The Civil Service Ministry imposed the fine after 11 woman and five men - meaning 69 per cent of the jobs went to women - were appointed to top positions in the Paris city hall that year, in breach of a law aimed at ensuring gender balance.
Paris mayor Anne Hidalgo decried the fine as “unfair” and “dangerous”, adding that France should “speed up the tempo” in promoting women as the gender pay gap is “still very great”.
She told a city council meeting on Tuesday that she was “happy to announce that we have been fined”.
“The management of the city hall has, all of a sudden, become far too feminist,” she said, mocking the fine.
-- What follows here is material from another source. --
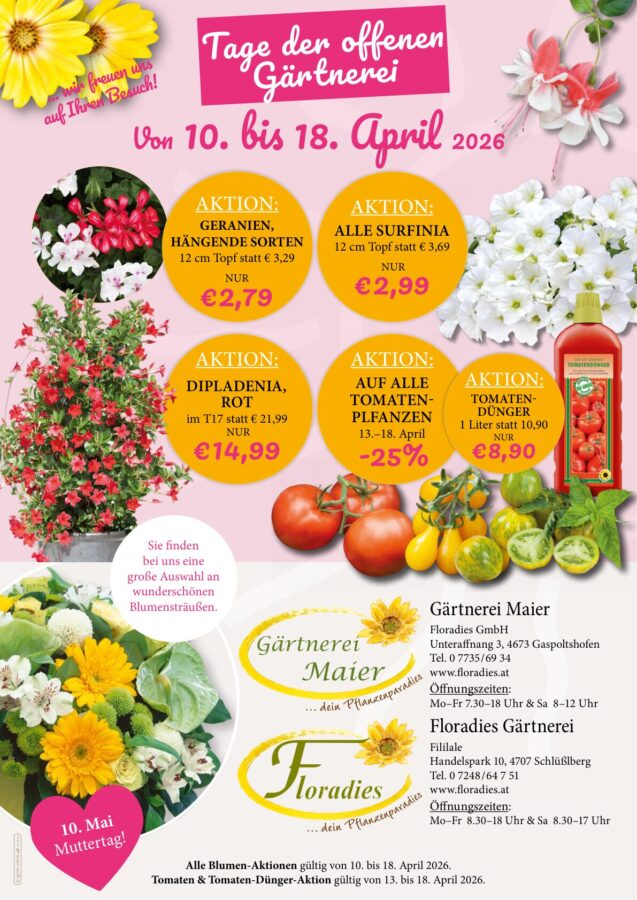 Ab sofort im Floradies, in der Gärtnerei Maier und bei vielen Oberösterreichischen Gärtneren:

The law, which was put in place in 2013, was created to ensure women get better access to senior jobs in the civil service and required a minimum of 40 per cent of appointments for each gender.
Since then, the law has been amended to provide exceptions to nominations when the gender balance is respected overall.
Currently, 47 per cent of all civil servants in Paris city hall in senior positions are women.
Ms Hidalgo said she would take the cheque for the fine to the government in person, together with her deputy mayors and all the women working for her.
“This fine is obviously absurd, unfair, irresponsible and dangerous,” she said, adding that women should be promoted with “vigour because the lag everywhere in France is still very great”.
“Yes, to one day achieve parity, we must speed up the tempo and ensure that more women are appointed than men.”
Amélie de Montchalin, France’s public service minister from the ruling La République En Marche party, responded to Ms Hidalgo on Twitter to say that the “absurd provision” was repealed in 2019.
“I want the fine paid by Paris for 2018 to finance concrete actions to promote women in the public service,” she said, and invited the Paris mayor to the ministry discuss the issue.